(Items from a dataset)
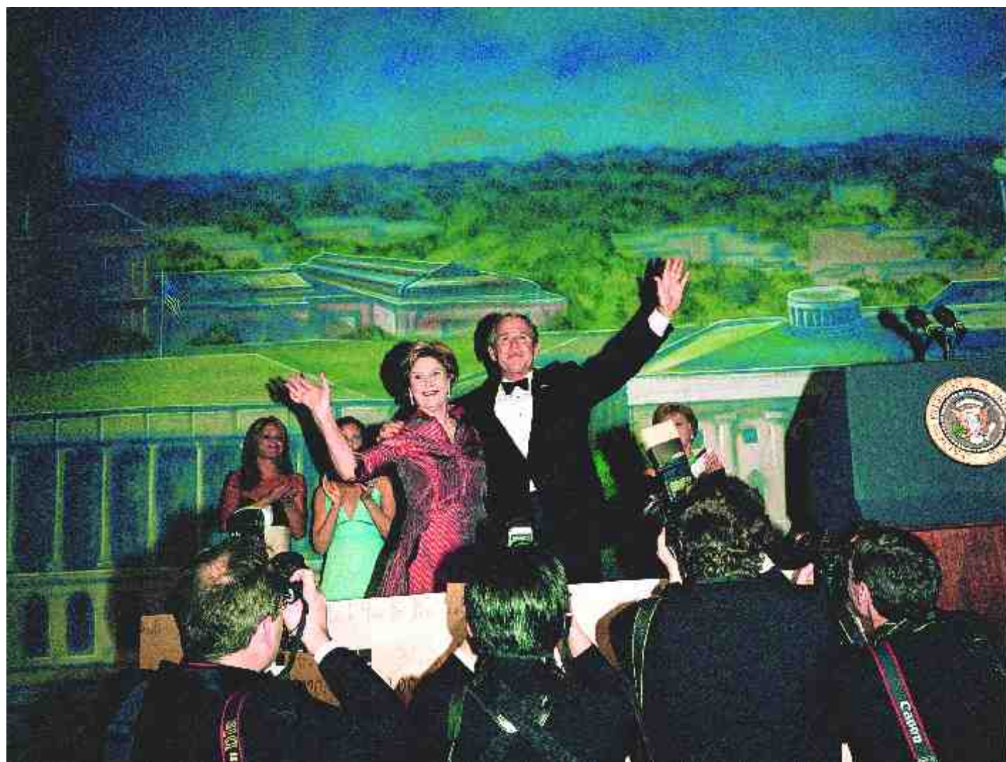
Ameriški predsednik George Bush in prva dama ZDA na predsedniškem inavguracijskem plesu (ZDA 2005).

Iz tržne perspektive fotografija gotovo ni dovolj. Revijalni trg je v upadu. Količina denarja za fotografijo in fotografske naloge ( assignment, op. av. ) je vse manjša. Zadnja tri leta z izjemo večjih novičarskih dogodkov, kot je Irak, so bila najtežje obdobje za trg fotografije. Dogajajo se zelo očitne spremembe. Kot član fotografske agencije VII ali sedaj kot član agencije Magnum opažam, da gredo številke prodaje fotografij in naročil za fotografsko delo navzdol. V Evropi je trg izsušen. Zato pri-
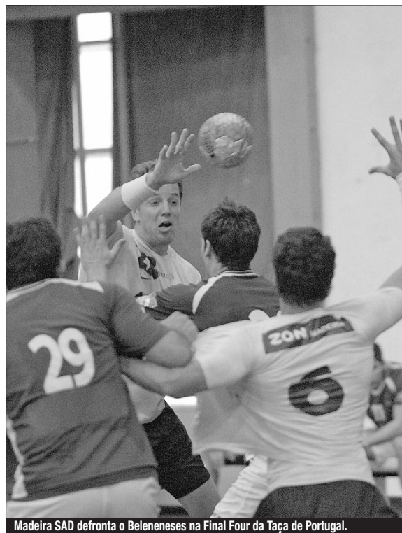
Madeira SAD defronta o Belenenses na Final Four da Taça de Portugal.

Dos dois clubes presentes no sorteio (FC Porto e Benfica), apenas o representante 'encarnado' falou à comunicação social, considerando que "teoricamente são duas das equipas mais fortes, mas a Taça é sempre Taça" e "qualquer clube pode ganhar".
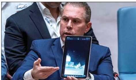
مندوب إسرائيل في مجلس الأمن يعرض مسليرة إيرانية فوق الأقصى

كما دانت ممثلة بريطانيا في الأمم المتحدة باربرا وودوارد الهجوم الإيراني على إسرائيل، وعدته متهوراً «لأنه هدد حياة آلاف المدنيين».
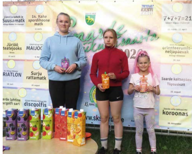
Tüdrukute esikolmik 3. etapil
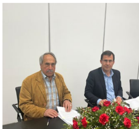
Freguesia de Pomares
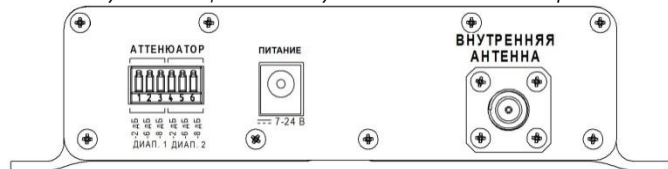
Рисунок 2 – Тыльная панель усилителя

Светодиодные индикаторы помогут правильно настроить систему усиления. Индикаторы «ДИАПАЗОН 1» относятся к диапазону 900 МГц, индикаторы «ДИАПАЗОН 2» - к диапазону 2100 МГц.
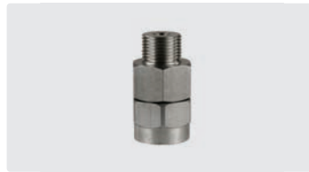
3/8" AG : 3/8" IG. Edelstahl. Max. 500 bar / 90 °C
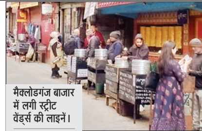
मैक्लोडगंज बाजार में लगी स्ट्रीट वेंडर्स की लाइन।
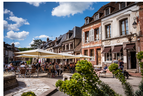
Département de l'Eure Aurelien Papa
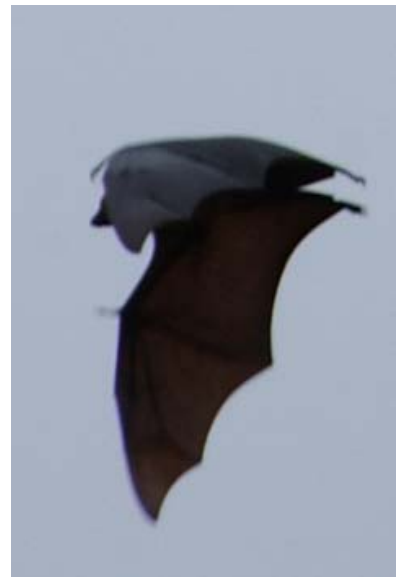
An den Bäumen hängend und im Flug im Berenty-Park
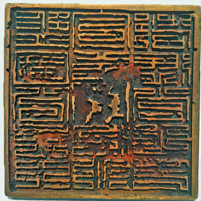
监国公主铜印正面
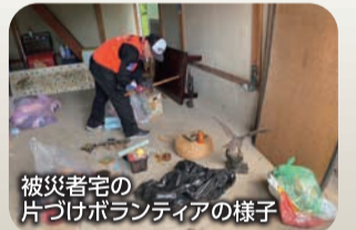
被災者宅の片づけボランティアの様子
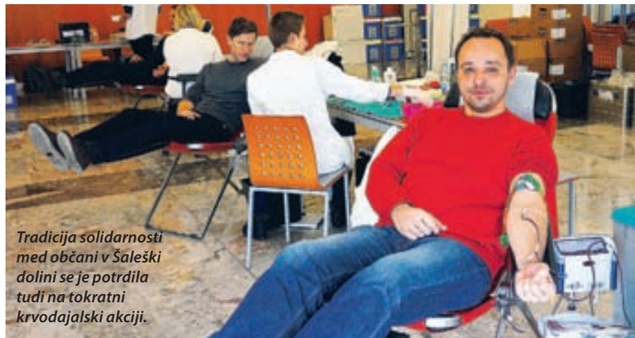
Tradicija solidarnosti med občani v Šaleški dolini se je potrdila tudi na tokratni krvodajalski akciji.

kot 4000 krvodajalcev na leto in tudi letos bodo preseglji to številko. »Ob tem moram povedati, da izgubimo na leto približno 500 krvodajalcev, ki darujejo kri na naših akcijah, stalno prebivališče pa imajo v občinah zunaj Šaleške doline.« Po analizi, ki so jo opravili pred nedavnim, je v občinah Velenje, Šoštanj
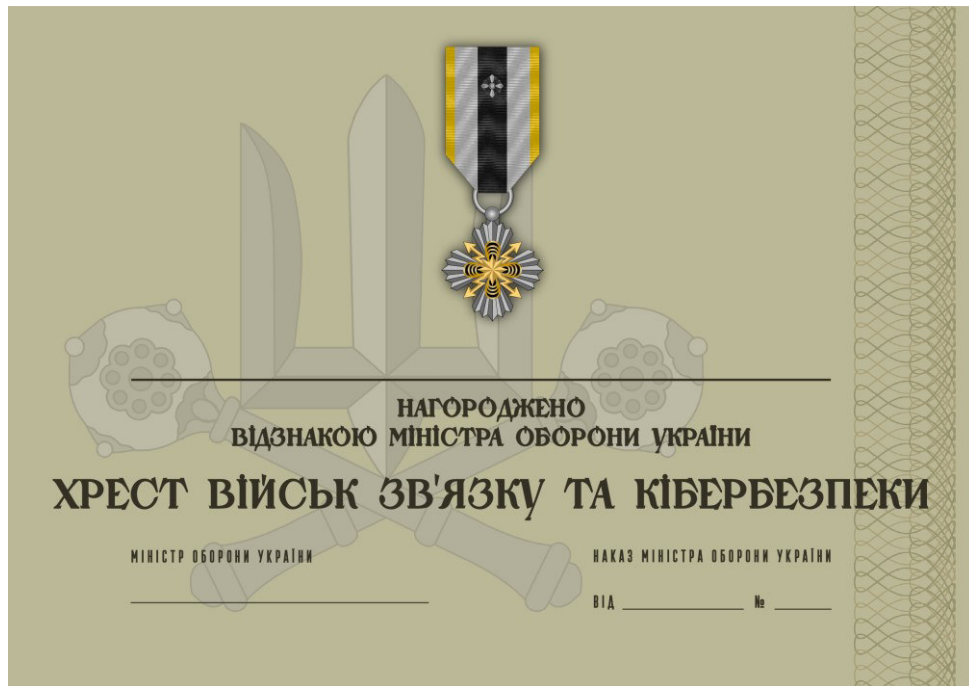
Рисунок 49 – Сертифікат до відомчої заохочувальної відзнаки Міністерства оборони України “Хрест Військ зв’язку та кібербезпеки”
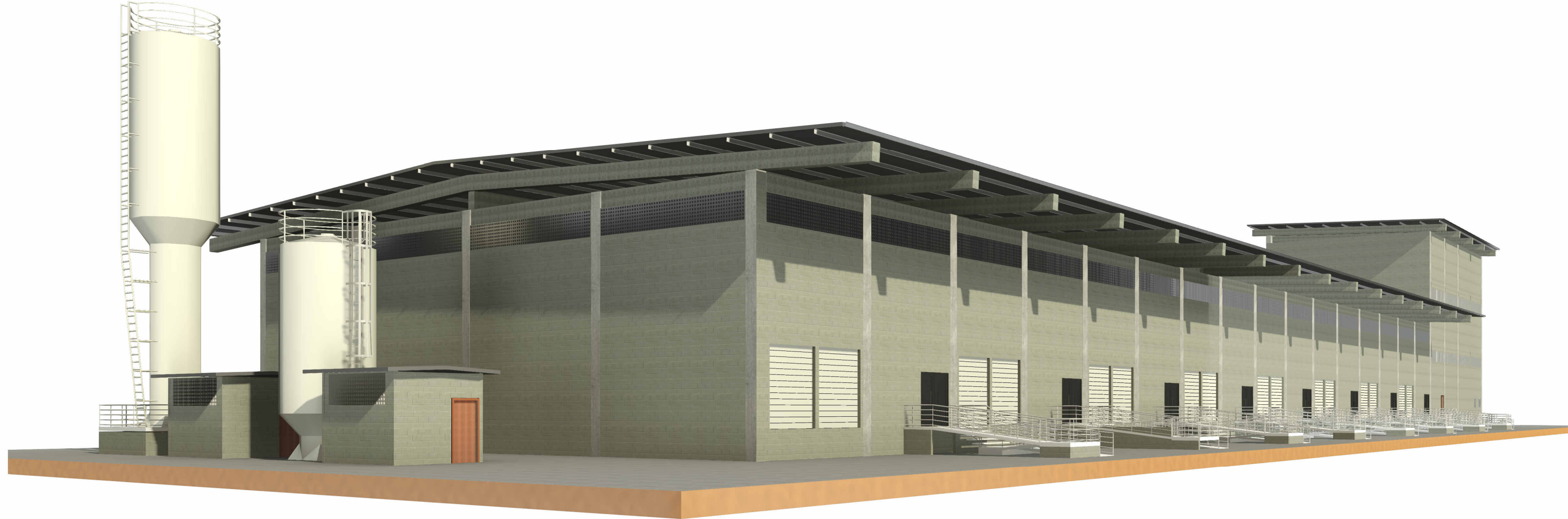
6 PERSPECTIVA 2
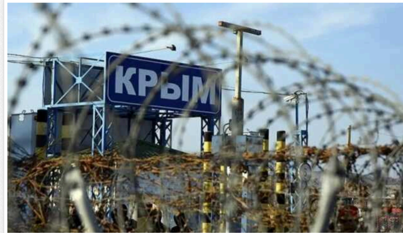
Партизани в окупованому Криму зафіксували підвищену активність росіян в аеропорту "Заводське"

Агенти військового руху українців та кримських татар "Атеш" фіксують збільшення активності в аеропорту "Заводське" у тимчасово окупованому Криму. На раніше занедбаному летовищі окупанти почали з суто військовою метою залучати авіацію.
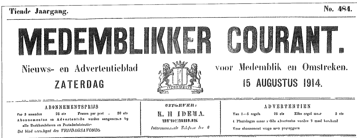
Afb 2 Medemblikker Courant anno 1914

Maar precies een week na de bevrijding verscheen de krant al weer.
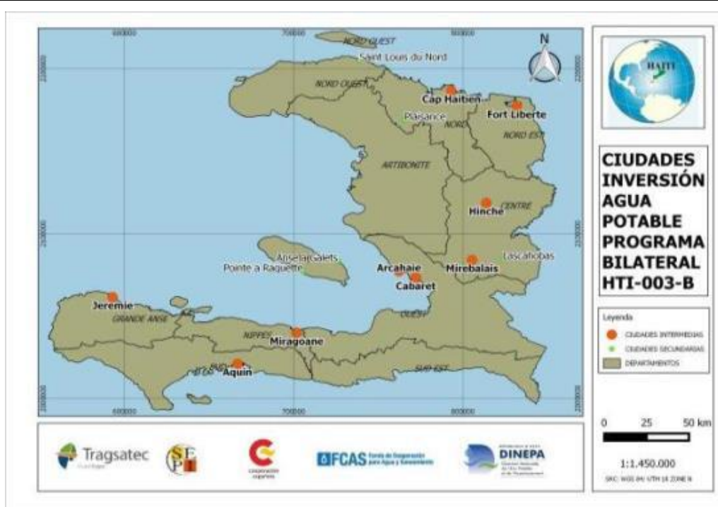
Figura 2.- Localización de las principales ciudades en las que se rehabilitarán y extenderán las infraestructuras de agua potable mediante las inversiones del programa bilateral del FCAS.

Saneamiento Urbano. El Programa se ha centrado en la mejora de la gestión de lodos procedentes de soluciones individuales. La rehabilitación y puesta en marcha de la planta de tratamiento de Titanyen servirá para tratar los lodos procedentes de soluciones individuales de la capital de Haití. Se debe recordar que Port-au-Prince, una ciudad de más de 3 millones de habitantes, no cuenta con servicios colectivos de saneamiento. Otra planta del mismo tipo está prevista en la localidad de Limonade, para tratar los lodos procedentes de Cabo Haitiano, la segunda ciudad del país. Existen otras dos plantas previstas en el POG 2017-2020 en las ciudades de Jérémie e Hinche, cuya realización dependerá de la disposición de terrenos y disponibilidad económica.
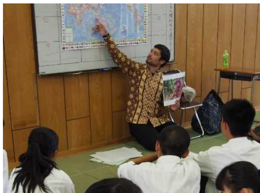
国際理解教育支援事業
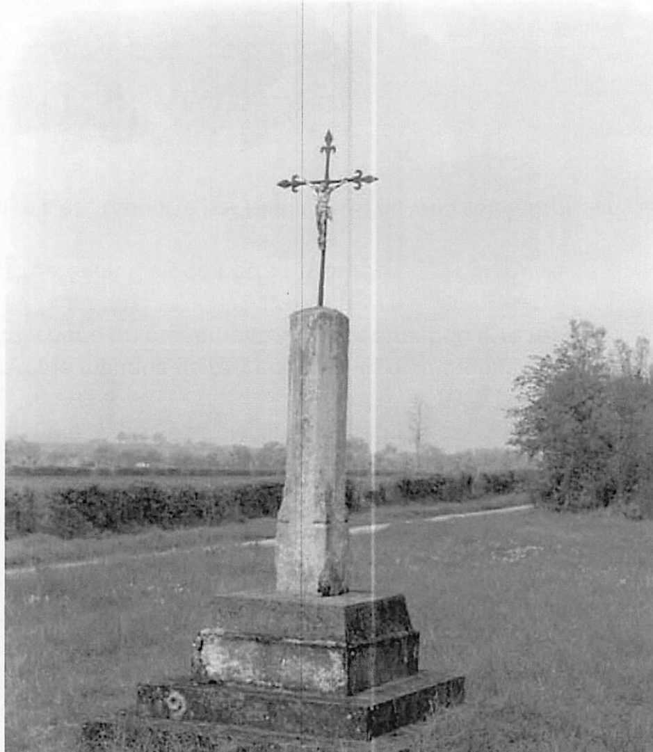
Photo : Archives – Inventaire général du patrimoine Région Normandie - 1981
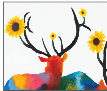
2 JH HIGH SCHOOL STUDENTS Wild Wapiti

Q: "Wapiti" is another name for what animal? ¿"Wapiti" es otro nombre para qué animal?
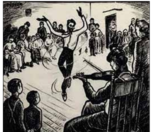
Un danseur diablement séducteur!

On peut donc imaginer l'état d'esprit des premiers habitants de la Nouvelle-France, entourés de forêts à perte de vue ! Pas étonnant que, très souvent, les Amérindiens aient été décrits comme des créatures du mal... Toutefois, après quelques générations, le Diable a progressivement quitté la forêt : Satan est devenu davantage une représentation de l'inverse de la morale religieuse. Plus tard, l'histoire le présentera sous les traits d'un voyageur, d'un homme beau et grand, ou d'un séducteur, habituellement vêtu de noir.

• **Task to complete**
Report, for the data above, every line in which the string "Заводське" appears.

• **Answer for this exercise**
Партизани в окупованому Криму зафіксували підвищену активність росіян в аеропорту "Заводське"
Агенти військового руху українців та кримських татар "Атеш" фіксують збільшення активності в аеропорту "Заводське" у тимчасово окупованому Криму. На раніше занедбаному летовищі окупанти почали з суто військовою метою залучати авіацію.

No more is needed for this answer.